Foltys D, Kaths M, Strempel M, Weiler N, Heimann A, Knaak J M, Weyer V, Hansen T, Kempski O, Otto G

机构信息

Department of Transplantation and Hepatobiliopancreatic Surgery, University Medical Center, Johannes Gutenberg University, Mainz, Germany.

出版信息

Transplant Proc. 2013 Jun;45(5):1693-9. doi: 10.1016/j.transproceed.2013.02.048.

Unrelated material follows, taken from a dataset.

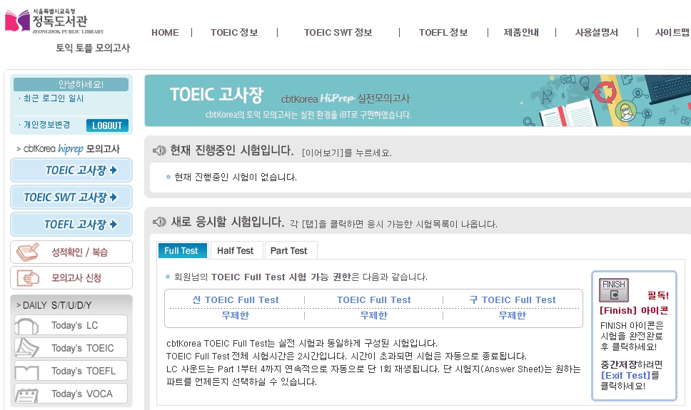 Full Test는 신 TOEIC Full Test, TOEIC Full Test, 구 TOEIC Full Test로 나눠져 있습니다. 원하는 토익 시험을 골라서 응시하면 됩니다.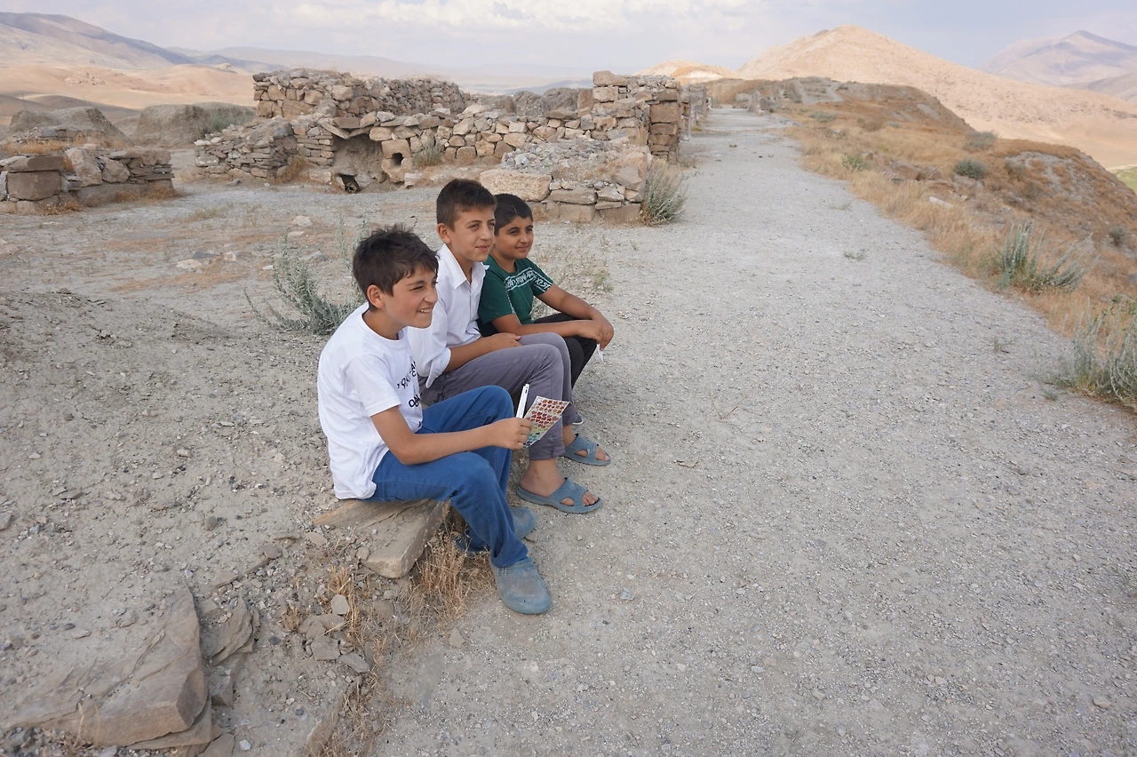 돌무더기 엉키고 헝클어진 언덕 오른다. 우라르투의 왕실 요새 차부쉬 테페. 스키타이 족의 침입으로 파괴되었다는 동쪽 할디 신은 우라르투에서 가장 중요한 신이었다 한다. 한낮의 뜨거운 태양 온몸으로 꼬옥 안고 언덕 오른 2000년 전의 고대 유적지는 돌무더기로 뒹굴며 잡풀 속에 잠들어있고, 2000년 후의 나는 망망한 귀르 프나르 평야를 멍하니 바라본다. 주인 잃은 채 외롭게 있는 무너진 요새 저 건너 서쪽 사르두리 2세가 건설한 이르무쉬니 신전 우라르투의 설형문자(쐐기문자) 그늘을 만들고 더위에 쉬어가라 한다. 땅속에 묻혀 숨을 쉬지 못하는 창고 터 항아리 잡풀 삐죽삐죽 부스럭 거리는 흙더미 사이로 항아리 조각 고개 내밀고 있다. 하수구. 세면대. 절구통 나뒹구는 사이로 현지 꼬맹이들 졸졸졸 따라다닌다. 인숙 선생님이 선물한 스티커 팔랑거리며 사진 찍는다.

DOI:10.1016/j.transproceed.2013.02.048
PMID:23769026
Abstract

INTRODUCTION

The Achilles heel of liver transplantation remains the biliary system. The crucial step for liver preservation is effective rinsing and perfusion of the peribiliary plexus (PBP). Due to the physiology of the vascular tree, it seems almost impossible to achieve the necessary physiologic ranges of pressure and flow by the in situ perfusion technique. We investigated the role of additional ex situ perfusion via the hepatic artery in this animal model.

MATERIALS AND METHODS

Fifteen German Landrace pigs underwent standardized multiorgan procurement. In situ perfusion and additional ex situ perfusion were performed consecutively. Meanwhile the external pressure applied to the perfusion system was increased stepwise. To visualize the effects on the liver parenchyma and PBP, we administered colored microparticles (MPs; 10 μm). Frozen sections of the explanted liver were studied histologically by quantitative evaluation of the MPs.

RESULTS

Ex situ perfusion was able to build up significantly higher values of pressure (P < .001) and flow (P < .001) than in situ perfusion. Those of ex situ perfusion reached physiological levels under application of an external pressure of 200 mm Hg. Considering the liver parenchyma, significantly higher amounts of MPs originating from ex situ perfusion were evident (P < .001) and PBP (P < .001).

CONCLUSION

MPs provide an appropriate tool to determine organ perfusion quantitatively in experimental models. Considering flow, pressure, and microcirculation, we consider that additional ex situ perfusion of the liver is more effective than in situ perfusion.